President Ma Ying-jeou (馬英九) yesterday downplayed criticism of his China policy by a family member of a victim of the 228 Incident, saying Taiwan was a free and democratic society where everybody was entitled to his or her own opinion.
Addressing a ceremony for the opening of a new exhibition at the Taipei 228 Memorial Museum in downtown Taipei, Taiwan 228 Peace Association secretary-general Chang Chiu-wu (張秋梧) said all political parties must respect history and the 228 Incident, regardless of who is in power.
“It is a known fact that dictator Chiang Kai-shek (蔣介石) cracked down heavily on Taiwanese and that Chiang must be identified as the perpetrator,” she said. “The wound must be healed, but the descendants of ‘Mainlanders’ do not necessarily have to bear the original sin.”
Photo: Lo Pei-der, Taipei Times
“Please allow me to tell you something, Mr President: We could not agree less with your China policy,” she said.
The 228 Memorial Museum was reopened to the public after a 10-month, NT$30 million (US$1 million) renovation project in time for the 64th anniversary of the 228 Incident on Monday next week.
The 228 Incident refers to the then-Chinese Nationalist Party (KMT) government’s bloody crackdown on demonstrators under Chiang’s administration after a woman was beaten for selling contraband cigarettes in Taipei on the night of Feb. 27, 1947.
The beating sparked nationwide disorder and the slaughter of tens of thousands of people at the hands of KMT troops.
The KMT did not acknowledge any mistakes or offer public apologies for the incident until former president Lee Teng-hui’s (李登輝) administration. Ma has promised to put greater effort into uncovering the truth of the incident since taking office, and a national museum on the 228 Incident is scheduled to open in Taipei next Monday.
Ma, who spoke after Chang, said he did not mind her criticism because Taiwan was a “free and democratic society where people can express their opinions freely.”
“In the end, we will make the final decision through a democratic mechanism,” he said.
To commemorate the 228 Incident, Ma said the administration must make efforts at redress and face the mistakes made 64 years ago.
“What is more important is to prevent any similar incident from happening again,” he said. “The key lies in a free and democratic society so everybody has the opportunity to voice his or her opinion.”
The museum was established in 1997 when former president Chen Shui-bian (陳水扁) was Taipei mayor. Ma said some had speculated that he would get rid of any museum display putting the KMT in a negative light after he was elected Taipei mayor in 1998.
“But I didn’t,” he said.
Ma said similar atrocities occurred elsewhere. Taking Germany as an example, Ma said Germans faced up to the history of the Nazis after World War II and changed the world’s perception of the country.

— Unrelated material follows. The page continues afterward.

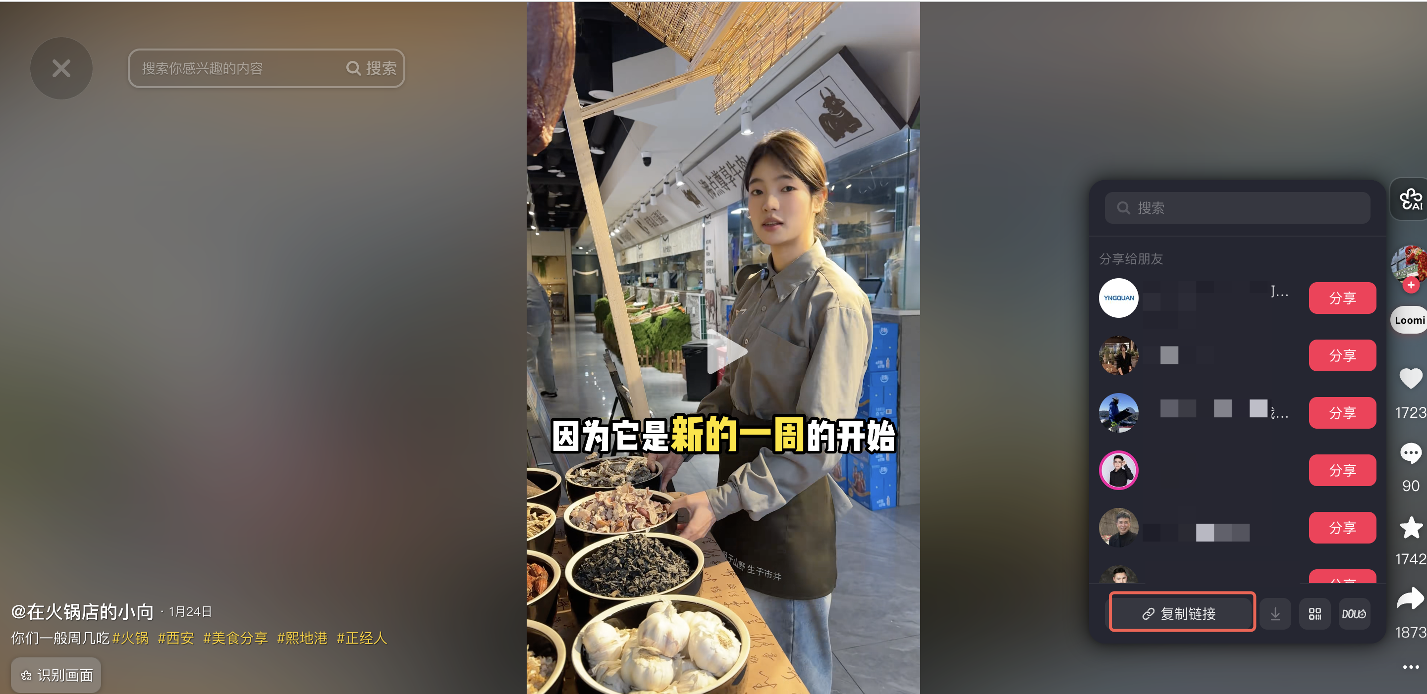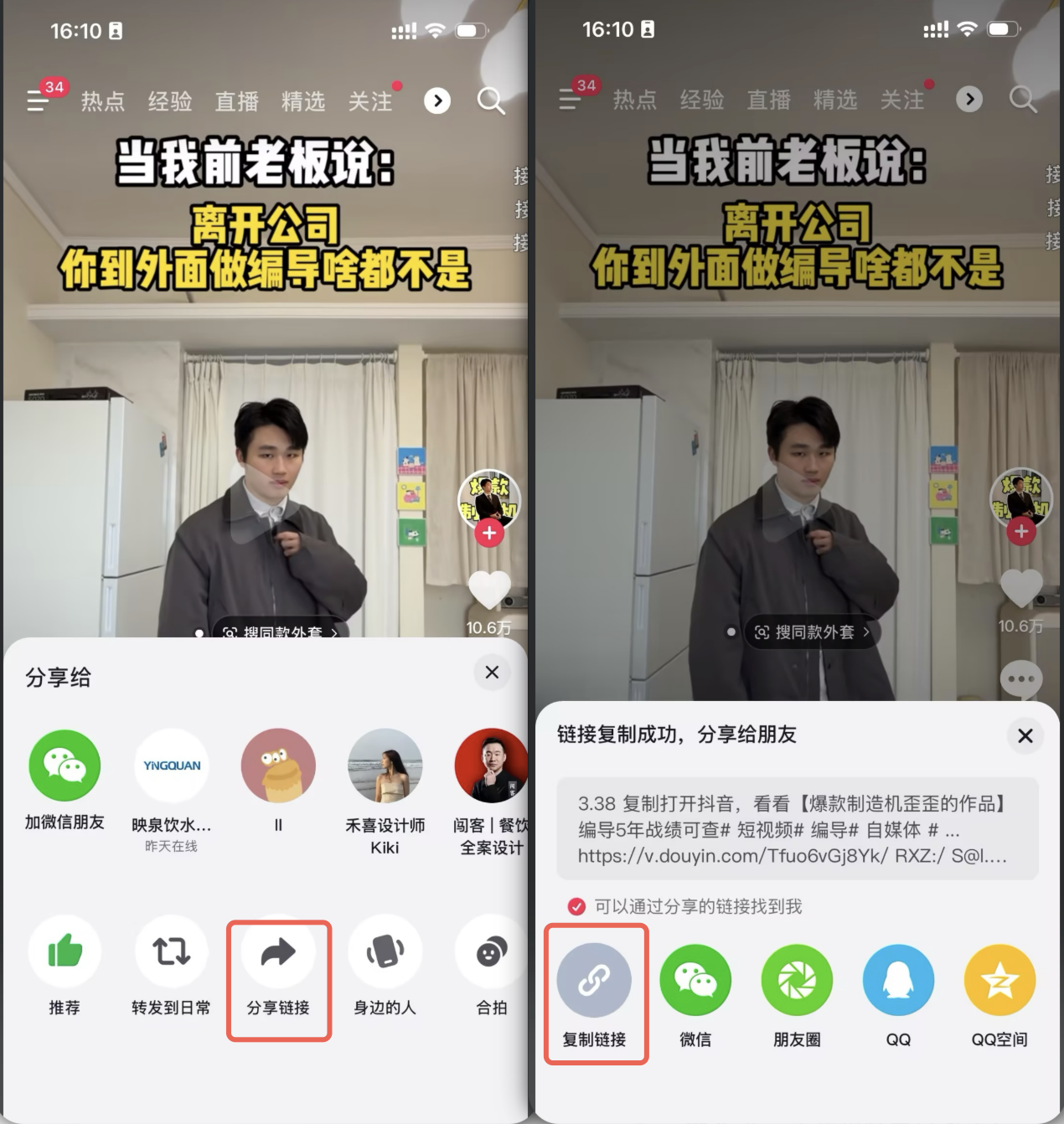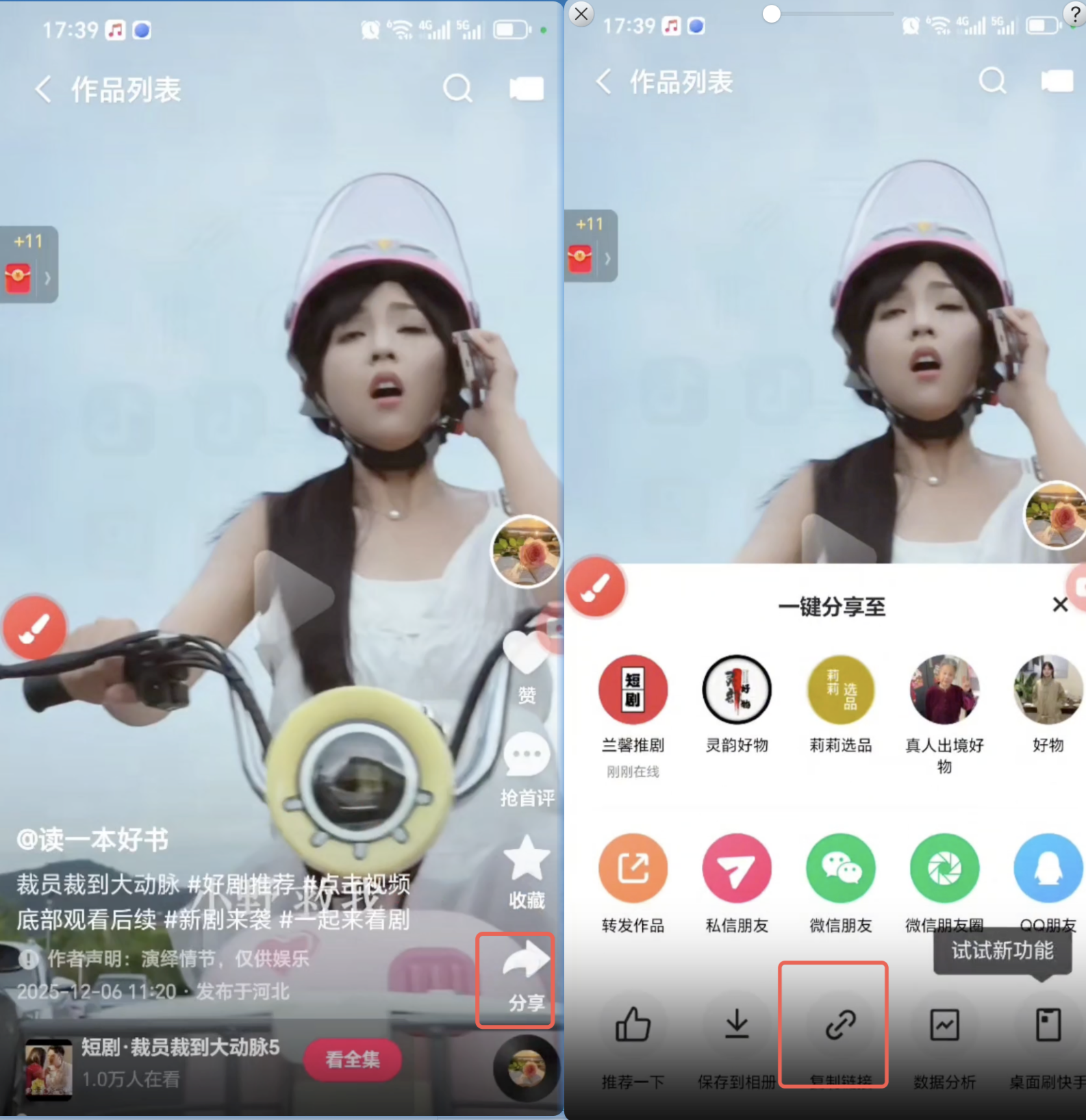 点击视频右下角【分享】→【复制链接】获取链接,适合批量操作场景。

The German government -honestly dealt with its past, apologized to the victims and their families and admitted the mistake they made, he said.
“Frankly speaking, not many countries can do that,” he said. “Some countries decide to erase their past rather than face it. The Republic of China government, however, chooses to face its past.”
Over the years, several measures have been adopted, he said, including apologizing, admitting mistakes, erecting a memorial statute, enacting a special law to offer compensation to victims and their families, and designating Feb. 28 as a national holiday.
After attending various events in commemoration of the incident, Ma said he realized that only by honestly facing history could people talk about the incident rationally and that it was important to empathize with victims and their families.